EXERCISE INPUT
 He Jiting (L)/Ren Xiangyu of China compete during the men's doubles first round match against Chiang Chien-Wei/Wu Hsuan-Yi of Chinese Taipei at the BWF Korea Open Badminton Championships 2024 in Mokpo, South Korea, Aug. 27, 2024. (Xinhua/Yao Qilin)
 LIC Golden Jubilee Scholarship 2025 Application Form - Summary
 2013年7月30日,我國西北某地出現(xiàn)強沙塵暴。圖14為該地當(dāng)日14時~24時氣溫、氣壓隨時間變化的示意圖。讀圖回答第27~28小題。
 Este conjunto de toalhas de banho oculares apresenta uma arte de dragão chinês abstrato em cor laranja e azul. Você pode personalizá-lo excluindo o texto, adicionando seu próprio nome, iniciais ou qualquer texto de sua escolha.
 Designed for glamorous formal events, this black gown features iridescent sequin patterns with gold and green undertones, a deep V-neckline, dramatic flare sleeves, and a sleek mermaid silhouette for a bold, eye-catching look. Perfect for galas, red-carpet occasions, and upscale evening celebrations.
--
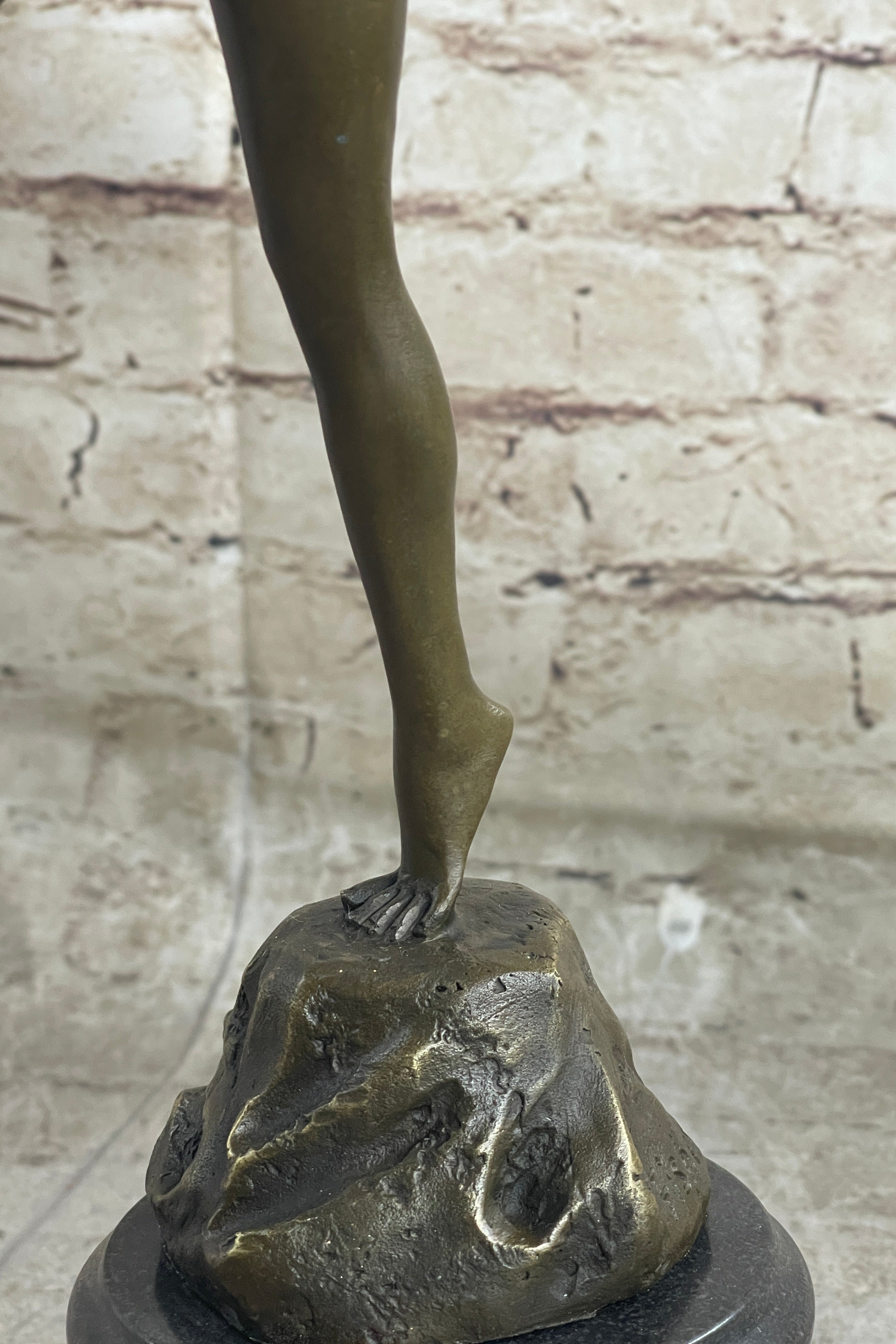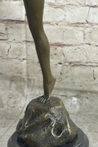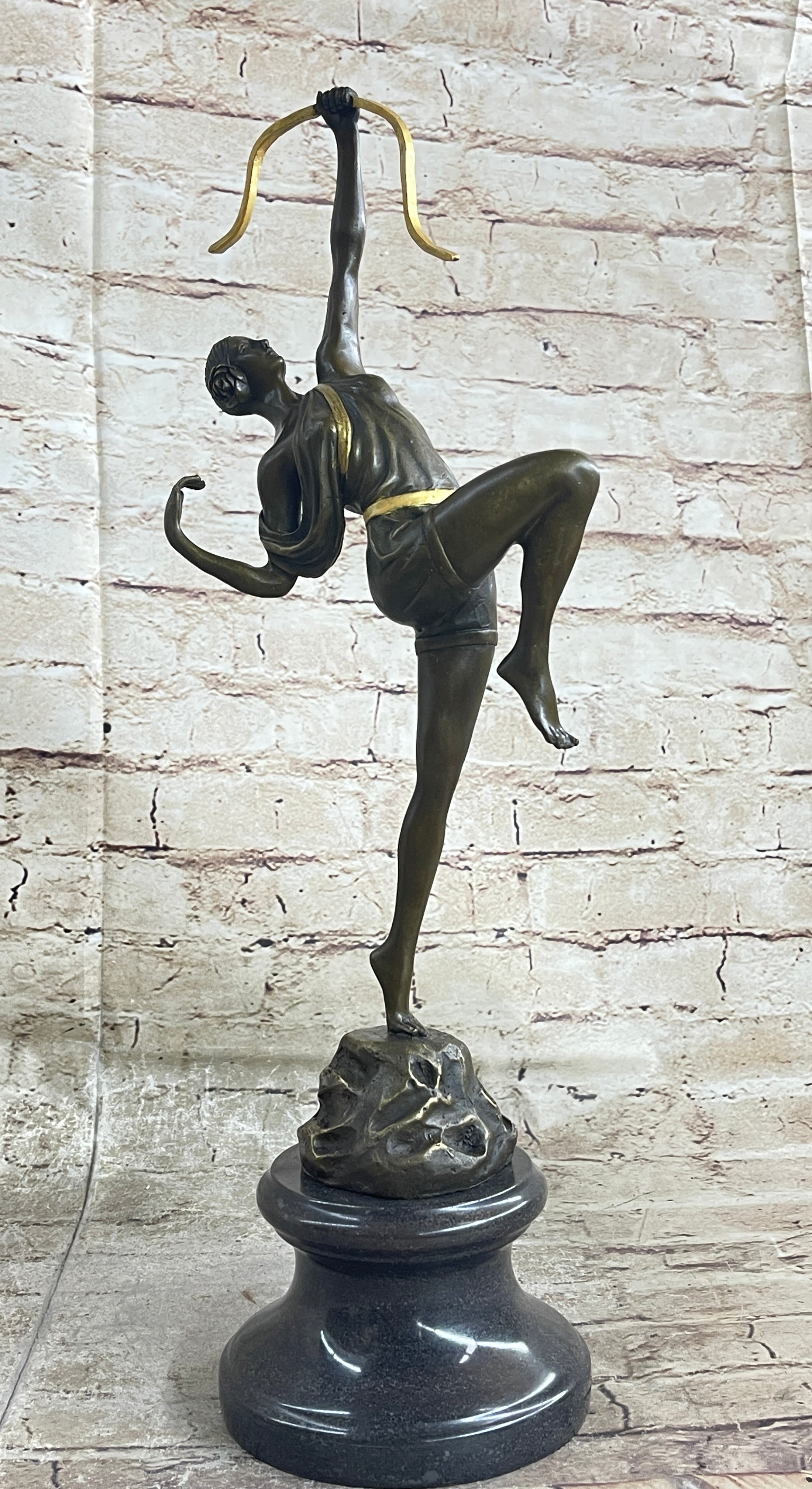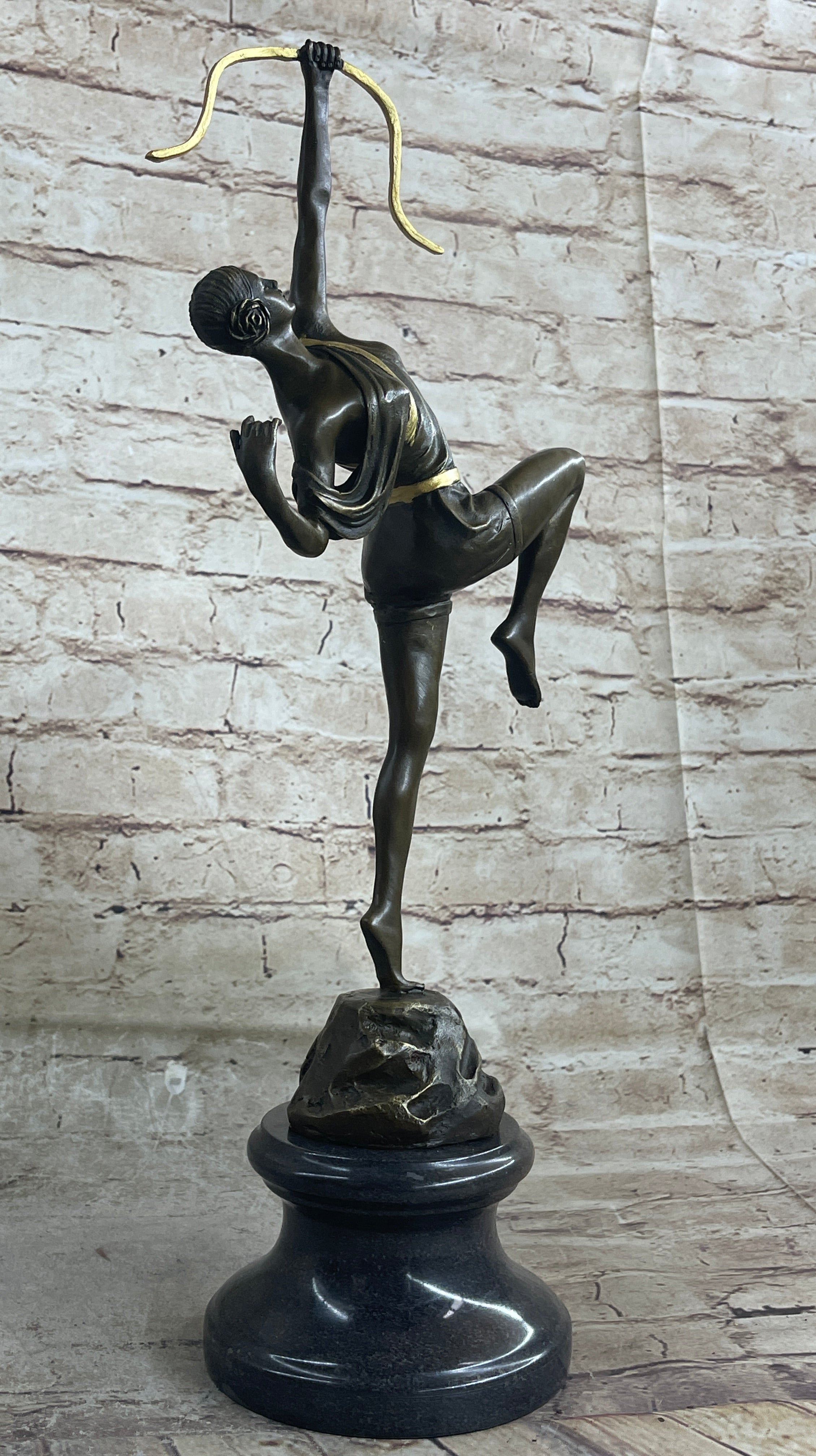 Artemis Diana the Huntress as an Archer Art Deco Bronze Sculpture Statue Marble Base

TASK PROMPT
Please output the lines of the listing above that fall in the stretch from the one with "LIC Golden Jubilee" through the one with "Designed for glamorous", exactly and only those.

RESULT OF THIS EXERCISE
 LIC Golden Jubilee Scholarship 2025 Application Form - Summary
 2013年7月30日,我國西北某地出現(xiàn)強沙塵暴。圖14為該地當(dāng)日14時~24時氣溫、氣壓隨時間變化的示意圖。讀圖回答第27~28小題。
 Este conjunto de toalhas de banho oculares apresenta uma arte de dragão chinês abstrato em cor laranja e azul. Você pode personalizá-lo excluindo o texto, adicionando seu próprio nome, iniciais ou qualquer texto de sua escolha.
 Designed for glamorous formal events, this black gown features iridescent sequin patterns with gold and green undertones, a deep V-neckline, dramatic flare sleeves, and a sleek mermaid silhouette for a bold, eye-catching look. Perfect for galas, red-carpet occasions, and upscale evening celebrations.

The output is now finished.